I especially thought of the notion that the Church supplies while reading “He Leadeth Me” (Ignatius Press, $14.35), the spiritual classic by Servant of God Walter Ciszek, SJ (1904-1984).

CISZEK

Jesuit Father Walter J. Ciszek, a Pennsylvania-born missionary to the Soviet Union, is pictured in an undated file photo. Father Ciszek survived 23 years in Russia, 15 of those years at hard labor in the Gulag, the horrific Siberian labor camps. (CNS photo/A.D. Times)

Born to a large Polish Catholic family in the tough mining town of Shenandoah, Pennsylvania, as a youth Ciszek developed a secret desire to be a Jesuit priest. Ordained in 1937, he was assigned to eastern Poland but with permission from his order, snuck across the Russian border. There, he worked in a lumber camp for a year: learning the language, quietly performing baptisms, absolutions, and anointings.

Arrested one night, he was sent to the notorious Lubianka Prison and charged with being a Vatican spy. Much of his five years there were spent in solitary confinement.
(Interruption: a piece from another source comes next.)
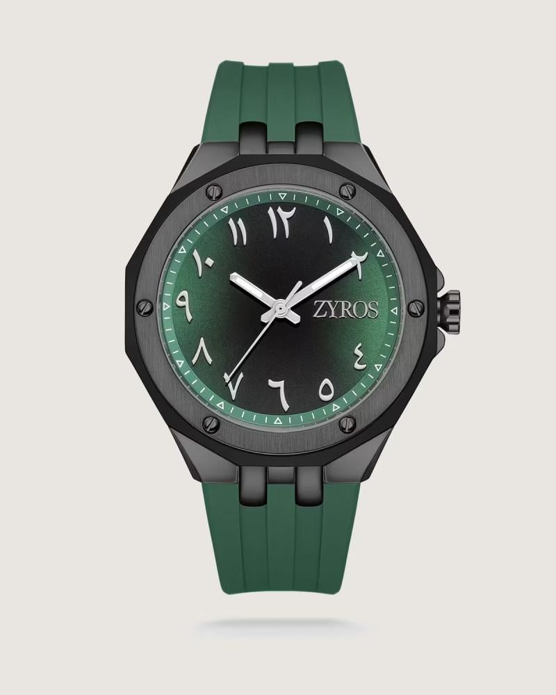 - ساعة رجالية بسير من الربل (المطاط) باللون الأخضر

He was then sentenced to 15 years of hard labor at a Siberian work camp and, as a priest, singled out for the hardest, dirtiest assignments.

From the beginning, he was determined to do the best job he possibly could, every day, every minute. If this was the work by which he was to give glory to God, so be it.

Moreover, he was overjoyed to find that bread and wine for Mass were smuggled in by friendly priests, nurses, and friends. The barracks were lousy with snitches, so he and his fellow believers secretly celebrated the holy sacrifice at the work site on noon break.

“In small groups the prisoners would shuffle into the assigned place, and there the priest would say Mass in his working clothes, unwashed, disheveled, bundled up against the cold. We said Mass in drafty storage shacks, or huddled in mud and slush in the corner of a building site foundation…there were no altars, candles, bells, flowers, music, snow-white linens, stained glass or the warmth that even the simplest parish church could offer. Yet in these primitive conditions, the Mass brought you closer to God than anyone might conceivably imagine.”

No one complained.

“[T]hese men would actually fast all day long and do exhausting physical labor without a bite to eat since dinner the evening before, just to be able to receive the Holy Eucharist — that was how much the Sacrament meant to them in this otherwise God-forsaken place.”

I think of the factions, in-fighting, grumbling, and complaining in today’s Church. And I wonder how many souls Father Ciszek and his men saved — are still saving — as they stood up to their knees in icy water, slammed up against the wall of some freezing cold, drab industrial site, receiving the Eucharist in utter gratitude.

The Church supplies, even when leadership at the highest levels, in and out of the Church, sometimes seems lacking. The Church supplies when our own hearts are hardened and our prayer is dry as dust. The Church supplies even when we long to give our all, and our all seemingly avails so little that we become absurd even to ourselves.

Can I, like Father Ciszek, cup my hands to receive the drop of Christ’s Precious Blood that might otherwise have dropped unseen, unnoticed, to the ground?

Can I in my life supply to the other members of the Mystical Body — past, present, and future — what may be lacking in their own faith or love?

The Church supplies. And let me never forget the price others have paid that I might become a member of it.